• Dataset extract
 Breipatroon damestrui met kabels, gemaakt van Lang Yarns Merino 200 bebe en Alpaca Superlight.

* * *

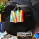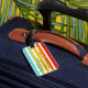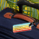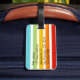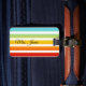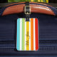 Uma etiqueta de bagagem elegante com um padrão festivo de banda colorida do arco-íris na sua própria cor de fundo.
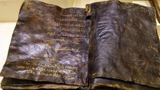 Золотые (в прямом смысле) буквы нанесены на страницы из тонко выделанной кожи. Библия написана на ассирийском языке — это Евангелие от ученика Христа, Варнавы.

• Exercise instructions
Print the line above containing "Uma etiqueta de", the line containing "Золотые (в прямом", and everything between them, exactly as written. Pictures stay out.

• Solution to the exercise
 Uma etiqueta de bagagem elegante com um padrão festivo de banda colorida do arco-íris na sua própria cor de fundo.
 Золотые (в прямом смысле) буквы нанесены на страницы из тонко выделанной кожи. Библия написана на ассирийском языке — это Евангелие от ученика Христа, Варнавы.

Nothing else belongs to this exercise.